Set in the emergency era of 1970s, the movie starts on a regal note. Maharani Gitanjali (Ilena D’cruz) is the heir to the royal seat of Jaipur in a post-independence India. Bhawani (Ajay Devgan) is her bodyguard, who has vowed to make sure Maharani goes through her otherwise problem-ridden life without any obstacles. Everyone else I’m afraid is either noise, a smokescreen, or unnecessarily buffed up. I’m talking about Sunny Leone, of course. You thought I was talking about Vidyut Jamwal didn’t you?
Then, as if she already didn’t have enough problems (first world problems) in her life, Maharani Gitanjali is faced with another one. You know it’s quite serious judging from the creases on her forehead and constantly changing fashion statement. Her ancestral gold has been confiscated by the government; the last of it being transported out of Jaipur. This takes us to Bhawani, and his crew Dalia (Emraan Hashmi) and Tikla (Sanjay Mishra), who will do everything in their power to loot that gold and take it back before it reaches Delhi. This invariably introduces the character of Officer Seher Singh (Vidyut Jamwal) who is supposedly trying to stop them from doing so. It also drops off Esha Gupta in the midst but I honestly don’t know why. I might’ve dozed off at the point when the plot changing reason for her to be in the movie was mentioned. Other than to show her sleek long legs and bad (read excruciating) acting, that is.

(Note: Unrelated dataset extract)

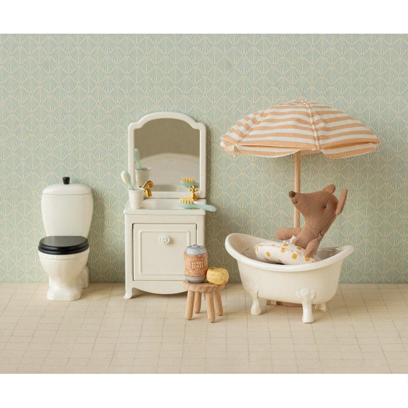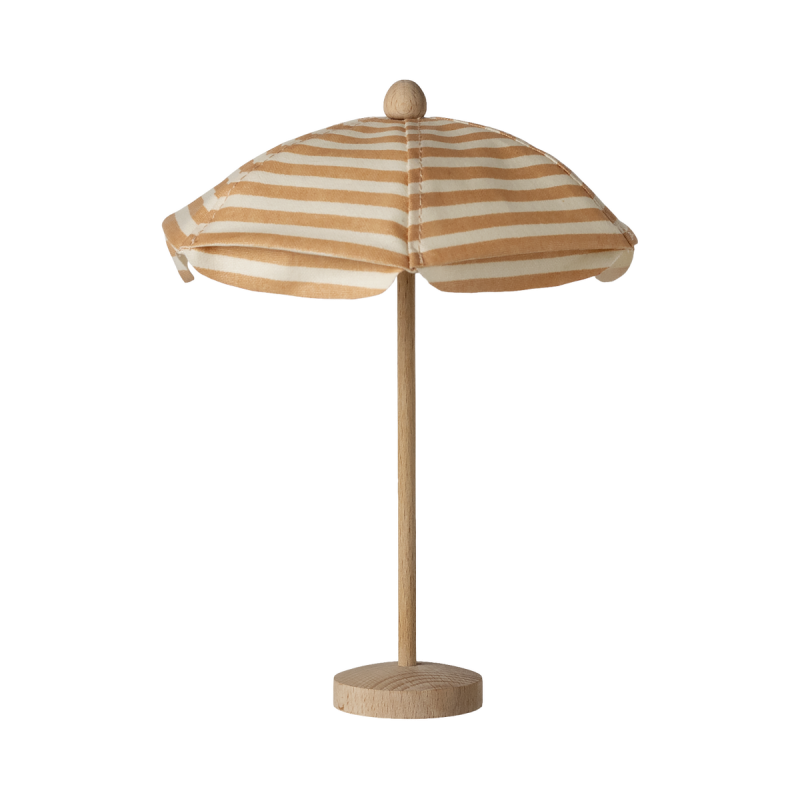 Maileg strandparasol til mus i lys coral med hvide striber giver musefamilien et hyggeligt sted i skyggen på stranden. Den charmerende parasol er perfekt afstemt til Mailegs små figurer og lægger op til leg, fantasi og nye historier om solrige dage ved vandet.

So with a whiff of the Ocean series, we begin on a swashbuckling adventure which promises plenty of action scenes, dramatic reveals, and thrill like you’ve never seen before. Get ready to see the Thar Desert more than you’d like to and a non-existent plot less than you’d like to. I think that rhymed.
String of Disappointments
Let’s get serious for a second. Baadshaho like any other Milan Luthria movie shows the audience a lot of dreams about what’s to come. The buildup is there; I don’t argue with that point. But ultimately -and I closely compare it to Once upon a time in Mumbai Dobara– the plot and the ensemble thereof fails to live up to its own hype. The first half manages to construct a very interesting and exciting picture of what’s to come, only to disappoint in the end. The second half is not what you expect it to be and the climax doesn’t come close to what it should be or could be. Either or both.
I will truly like to mention it at this point that I was expecting to witness the genius of Luthria in work, like I did in Once upon a time in Mumbai. I have since then tried to make myself and many of my friends believe that it was not a one-time-fluke for the immensely talented maker. Maybe it’s time I made peace with the truth once and for all. Perhaps the conditions, the cast, and the time all fell in the right place for him the first time. After that, not so much. He just doesn’t seem to be achieving his full potential and with every near miss -or far off miss I guess- he appears to be going more and more towards the wrong end.
I’m not saying the movie is not good. It’s quite enjoyable. The dialogues are good. Acting at times is bearable. I would go as far to say it’s a one time watch. But does it do justice to the triumphant trio of Milan Luthria, Ajay Devgan, and Emraan Hashmi? I think not.